___ SUPPLIED RECORDS
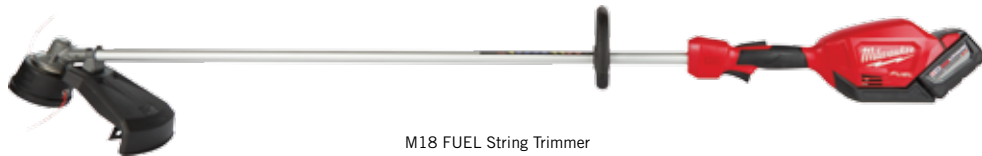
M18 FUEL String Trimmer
______
___ SUPPLIED RECORDS
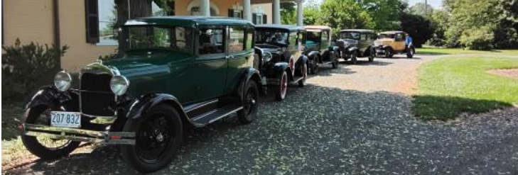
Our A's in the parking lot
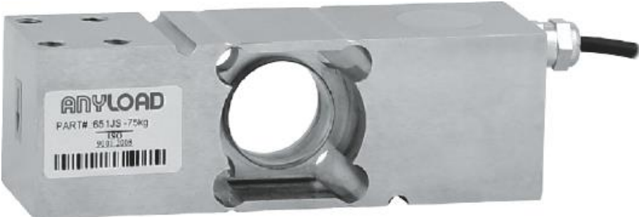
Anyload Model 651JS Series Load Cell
______
WORK TO COMPLETE: All lines above from the one containing "Our A's in the parking lot" up to and including the one containing "Anyload Model 651JS Series Load Cell" are to be set down exactly, and nothing else. Leave images out.

RESPONSE BOX:
Our A's in the parking lot
Anyload Model 651JS Series Load Cell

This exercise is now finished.